Varied recipes

PEANUT AND CHOCOLATE SNACKS AND HOMEMADE CABSHA

INGREDIENTS

  • PEANUT PASTE AND CHOCOLATE SNACKS:
  • Makes 35 models.
  • – Milk chocolate 700 g.
  • – Chocolate blanco 350 g.
  • – Peanut paste 450 g.
  • CABSHA TYPE BONBON:
  • – Dulce de leche pastry chef 320 g.
  • – Glucose 60 g.
  • – Alcohol (from pharmacy) 20 cc.
  • – Rhum 40 cc.
  • – Semi-sweet chocolate coating 150 g.
  • – Cocoa butter 20 g.
  • – Capsules for sweet c/n.

PEANUT AND CHOCOLATE SNACKS AND HOMEMADE CABSHA

PROCEDURE:

PEANUT PASTE AND CHOCOLATE SNACKS:
1. Mood 350 g of milk chocolate and blend it with 150 g of peanut paste. Place a 30 cm x 24 cm body on a plate with silicone paper and pour the combination into the mould, protecting the whole backside.
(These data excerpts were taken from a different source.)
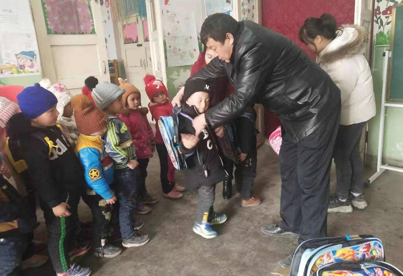 一份耕耘,一份收獲。去年底,烏帕爾中心幼兒園對全鎮(zhèn)各村幼兒園進行了期終測試,十二村幼兒園小二班順利通過了測試,且部份小朋友成績優(yōu)秀,受到了中心幼兒園的表揚。于是在今年放寒假時,吳志強自費購買了三十二個書包,兌現(xiàn)了對小朋友們的承諾。
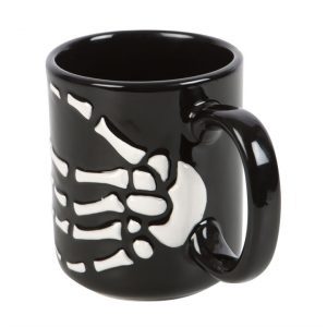 Feel dead without your morning cuppa? Make the transition from cosy crypt to cold commute a little bit warmer with this skeleton hand mug.
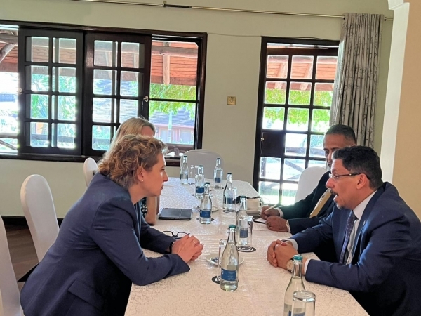 وذكرت وكالة سبأ الحكومية، أن بن مبارك التقى على هامش اجتماع قادة ميونخ المنعقد في العاصمة الكينية نيروبي، مع نائبة رئيس البرلمان الأوروبي نيكولا بير، لمناقشة تطورات الاوضاع في اليمن والمنطقة.

Await it to harden barely.
2. Mood the white chocolate and blend it with one other 150 grams of peanut paste, and pour it over the earlier layer of milk chocolate. Let it harden once more.
3. Mood the remaining 350 g of milk chocolate and blend it with 150 g of peanut paste. Cowl the earlier preparation once more and wait once more for it to pre-crystallize.
4. Lower them fastidiously with a pointy knife into 2 cm x 2 cm squares.

CABSHA TYPE BONBON:
1. Warmth the dulce de leche and add the glucose.
2. Off the warmth add the alcohol and Rhum.
3. Pressure into the capsules to the sting.
4. Cool till a lightweight movie types on the sweet.
5. Combine the choco with the cocoa butter which is able to give it fluidity and you’re going to get a really tremendous bathtub.
6. Coat the candies with heat semi-bitter chocolate coating utilizing a chocolate fork.